Let $T$ be a triangular region in $\mathbb{R}^2$ defined by $x\geq 0, y\geq 0, x+y\leq 1$:
a) Describe the boundary of $T$
b) Prove that the point $(0.0001, 0.9998)$ is an interior point of $T$
Attempt:
For a), the boundary of $T$ is formed by all the points on the $y-$axis and $x-$axis.
For b), by inspection $0.0001+0.9998=0.9999<1$. Then if it is an interior point.
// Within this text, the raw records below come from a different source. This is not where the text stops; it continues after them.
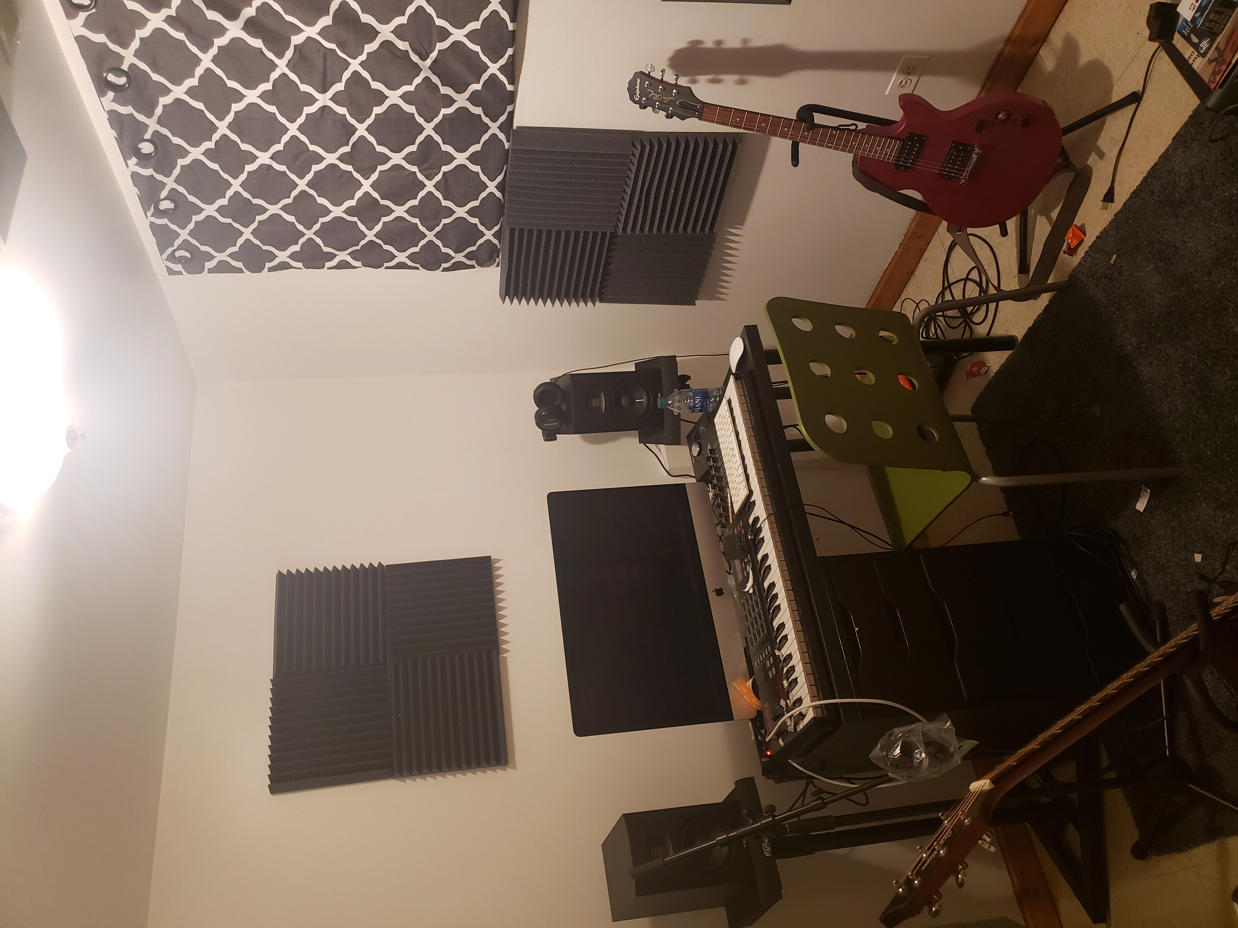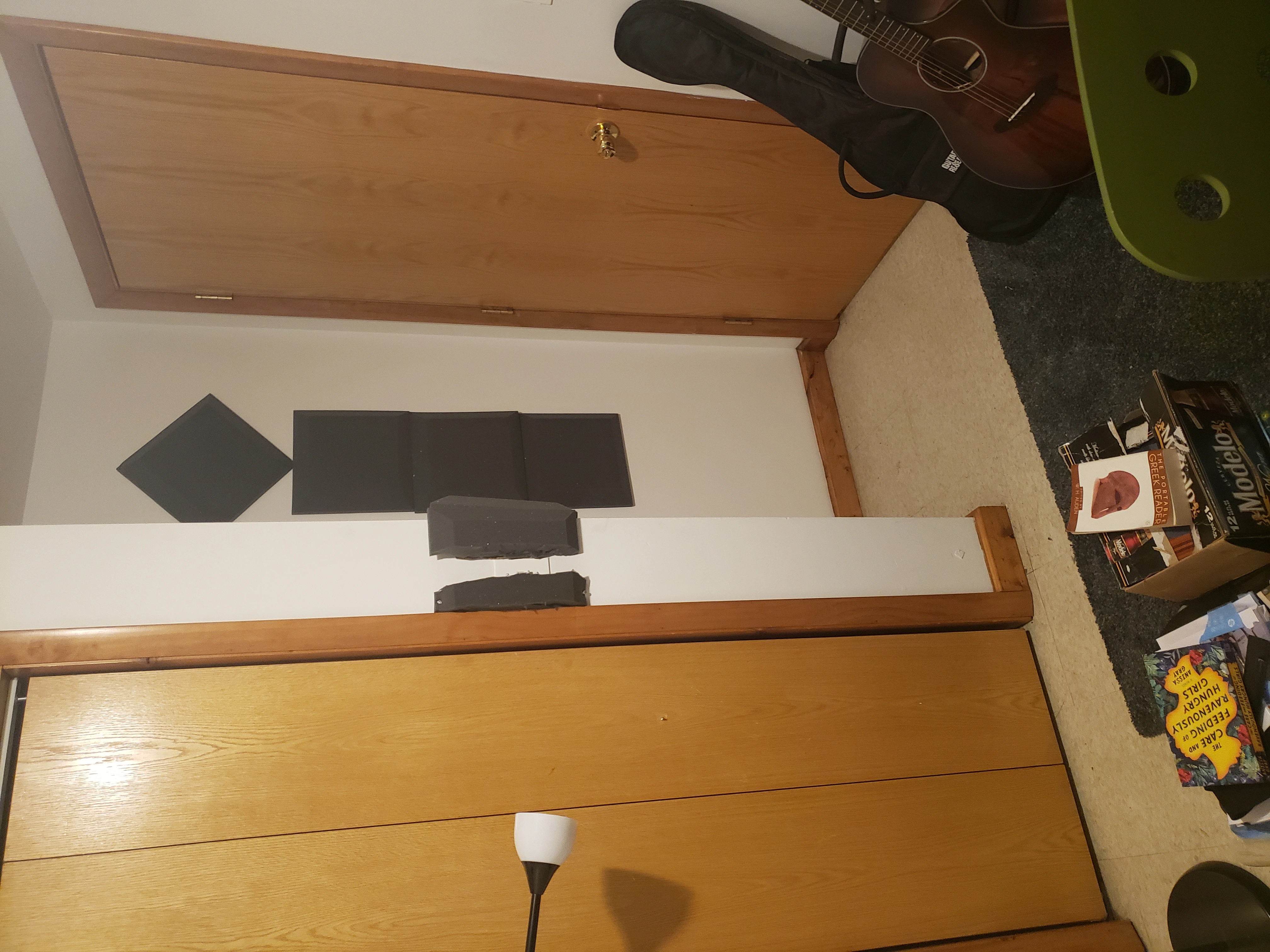 Ive been asking questions about acoustic treatment for my room, where I plan on recording myself playing acoustic guitar, singing and rapping on a neumann tlm 102. It was suggested that I should post my room dimensions, so here they are. Short wall-6.1ft Long wall-8.2ft Theres also a little nook that extends out to 10.5ft. And the ceiling is 7.5 ft high. Ive attached a few photos of the room. The black curtain on the wall is covering a window. I have a few foam panels up, but know those don't do much. I also have an area rug over most of the tile floor. Looking to buy some bass traps, dont want to build them. Any recommendations or advice on ways to get my room to sound better? There's not much echo, but when I clap my hands loudly, I hear a metallic high pitched ringing sound.
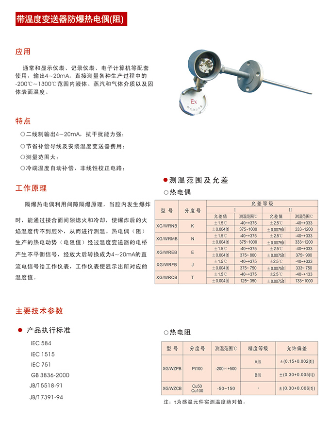 帶溫度變送器防爆熱電偶(阻),通常和顯示儀表、記錄儀表、電子計算機等配套使用,輸出4~20mA,直接測量各種生產過程中的-200℃-1300℃范圍內液體、蒸汽和氣體介質以及固體表面溫度。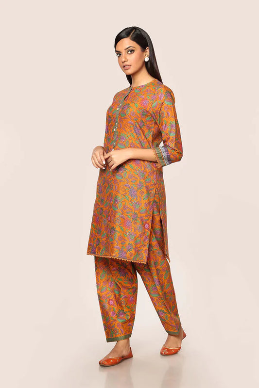Mustard Yellow Printed Cotton Kurta with Pants - Set of 2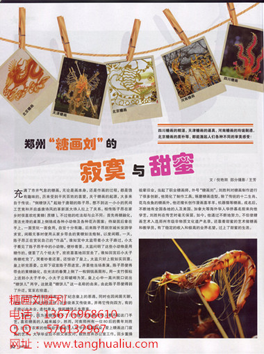 《迎新春 探访民俗高手》的视频链接:http://www.cutv.com/v2/2013-2-10/E18ijiiinjloimrqnior7d.shtml,《郑州晚报》专访电子版地址:http://www.abbao.cn/page/2439231520555.shtml这些可以帮助大家更好的了解糖画艺人刘胜利,想学糖画的朋友请直接拨打电话:13676968610、13783643765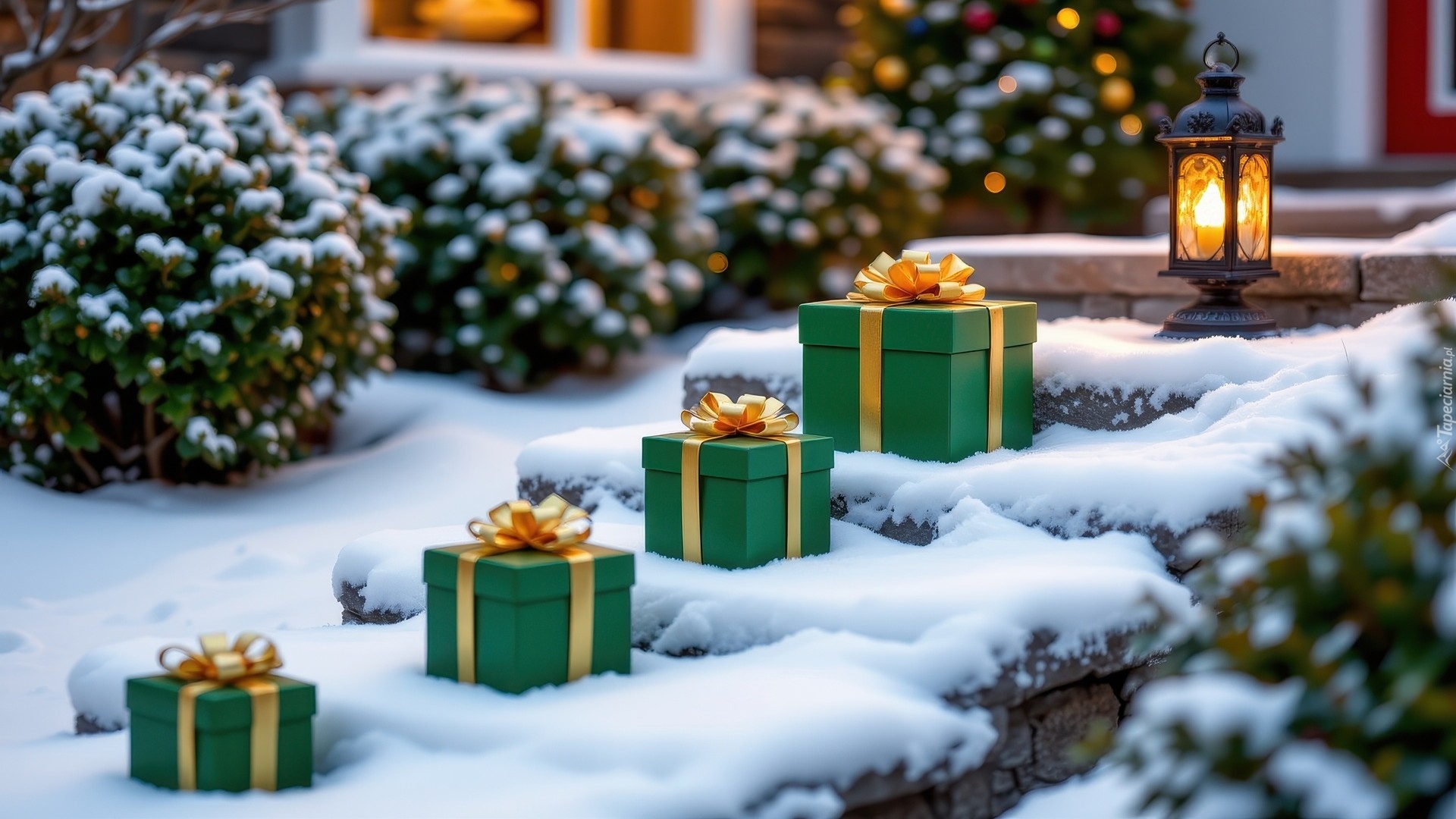 Edytor tapety: Prezenty i zapalony lampion na ośnieżonych schodach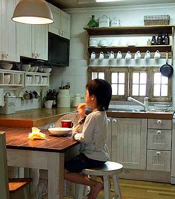 此外,吧臺(tái)或上下吊柜也都具有收納功能,一般吧臺(tái)可兼做早餐臺(tái),高度以85公分最佳,用一般座椅即可,此吧臺(tái)還可當(dāng)工作臺(tái)使用;超過100公分的吧臺(tái),就需要使用高腳凳,不過,收納功能相對較強(qiáng);吊柜也可做成有門片的雙面式或?qū)影迨?,可收納雜物,層板可放餐杯或咖啡杯、酒杯等裝飾性的餐具。

Note that there exists an open ball of radius $0.0001$ around $(0.0001,0.9998)$, $B_{0.0001}(0.0001,0.9998)$; such that $B_{0.0001}(0.0001,0.9998)\subset T$. Therefore $(0.0001,0.9998)$ is an interior point.
I think more generally, it would be to take $\varepsilon > 0$ such that $\varepsilon \leq 0.0002$.
The three bounding lines meet at three points. \begin{align*} &x=0, y=0 : & &(0,0) \\ &x=0, x+y=1 : & &(0,1) \\ &y=0, x+y=1 : & &(1,0) \\ \end{align*} The region $T$ is the interior of the triangle formed by those three vertices.
The boundary of $T$ is the union of three line segments, one from $(0,0)$ to $(0,1)$, one from $(0,1)$ to $(1,0)$, and one from $(1,0)$ to $(0,0)$.
We can also specify these symbolically. $$ \{ (0,y) : y \in [0,1]\} \cup \{(t,1-t):t \in [0,1]\} \cup \{(x,0) : x \in [0,1]\} $$
(b) We test that the given point satisfies the strict version of the bounding inequalities (so is in the interior): \begin{align*} x &= 0.0001 > 0 \text{ is true,} \\ y &= 0.9998 > 0 \text{ is true, and} \\ x+y &= 0.9999 < 1 \text{ is true.} \end{align*} The given point satisfies all three strict constraints, so is an interior point of $T$.